- _Collected material_:
>>>>>
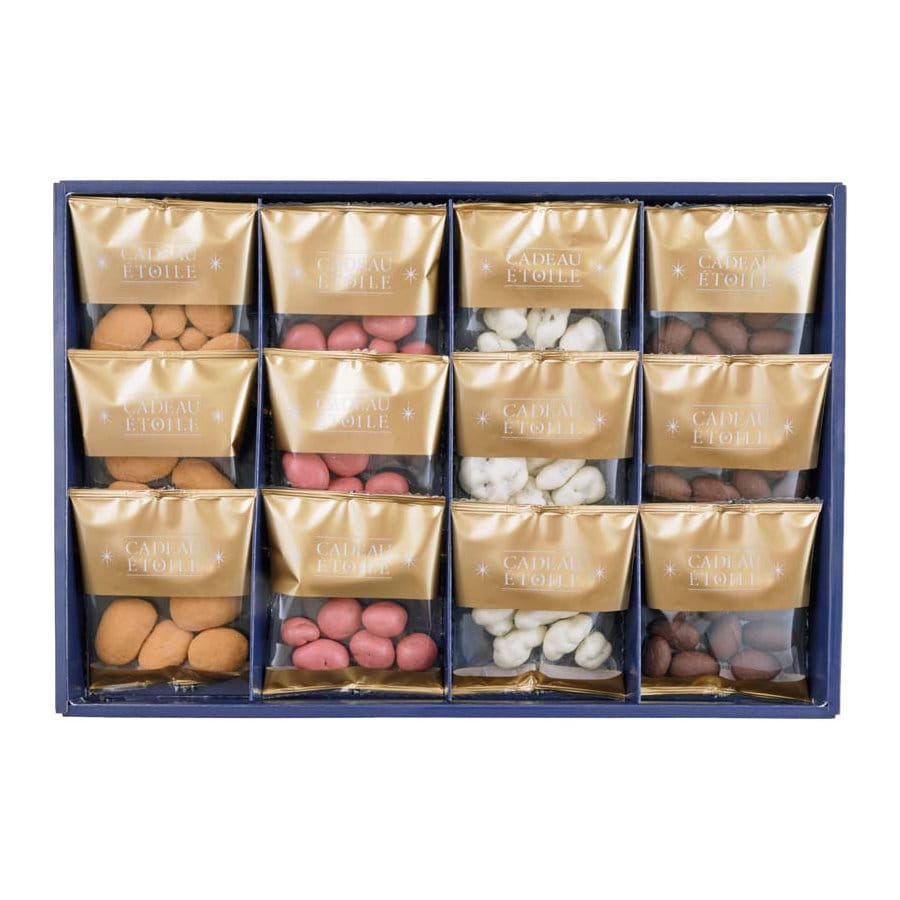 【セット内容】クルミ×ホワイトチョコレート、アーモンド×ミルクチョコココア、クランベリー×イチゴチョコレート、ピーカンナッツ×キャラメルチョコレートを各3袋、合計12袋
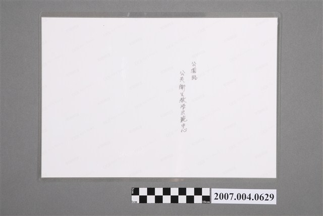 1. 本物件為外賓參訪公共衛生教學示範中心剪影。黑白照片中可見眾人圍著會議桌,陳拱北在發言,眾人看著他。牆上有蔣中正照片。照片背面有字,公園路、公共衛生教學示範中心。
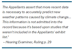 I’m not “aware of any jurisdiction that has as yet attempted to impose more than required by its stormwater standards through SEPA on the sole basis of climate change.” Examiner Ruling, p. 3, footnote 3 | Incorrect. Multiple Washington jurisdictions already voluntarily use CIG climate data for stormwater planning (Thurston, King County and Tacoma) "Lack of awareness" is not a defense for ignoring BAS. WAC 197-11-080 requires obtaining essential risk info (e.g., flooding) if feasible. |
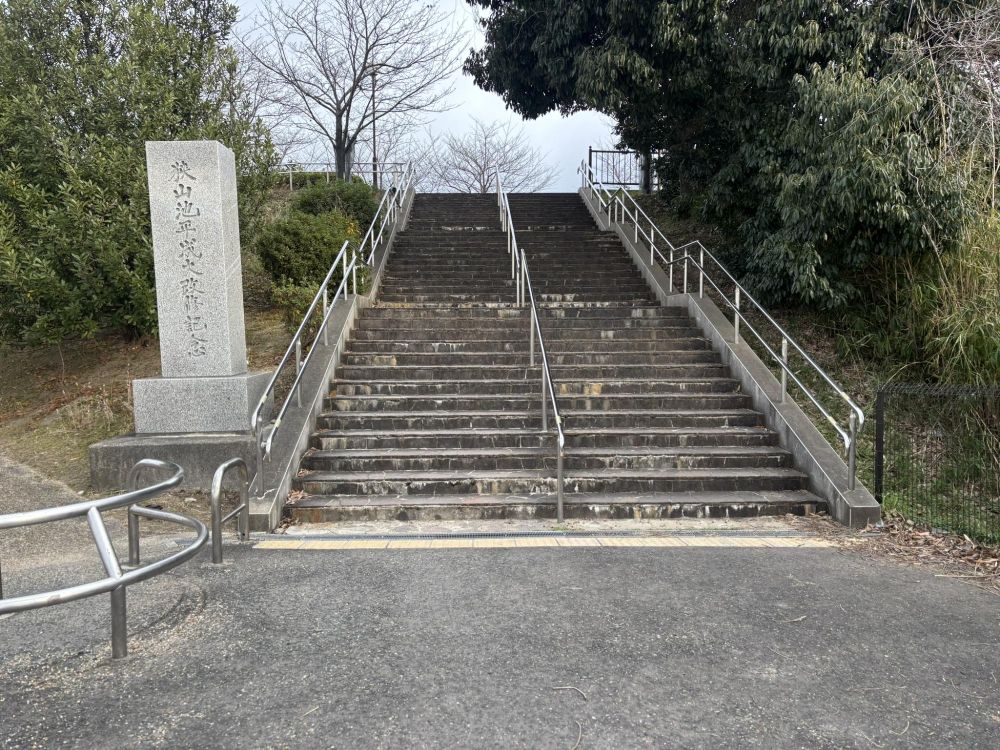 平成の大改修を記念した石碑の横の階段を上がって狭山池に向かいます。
<<<<<
- _Task goal_:
Please restate the data word for word, leaving out any picture it holds.

- _Result of this task_:
 【セット内容】クルミ×ホワイトチョコレート、アーモンド×ミルクチョコココア、クランベリー×イチゴチョコレート、ピーカンナッツ×キャラメルチョコレートを各3袋、合計12袋
 1. 本物件為外賓參訪公共衛生教學示範中心剪影。黑白照片中可見眾人圍著會議桌,陳拱北在發言,眾人看著他。牆上有蔣中正照片。照片背面有字,公園路、公共衛生教學示範中心。
 I’m not “aware of any jurisdiction that has as yet attempted to impose more than required by its stormwater standards through SEPA on the sole basis of climate change.” Examiner Ruling, p. 3, footnote 3 | Incorrect. Multiple Washington jurisdictions already voluntarily use CIG climate data for stormwater planning (Thurston, King County and Tacoma) "Lack of awareness" is not a defense for ignoring BAS. WAC 197-11-080 requires obtaining essential risk info (e.g., flooding) if feasible. |
 平成の大改修を記念した石碑の横の階段を上がって狭山池に向かいます。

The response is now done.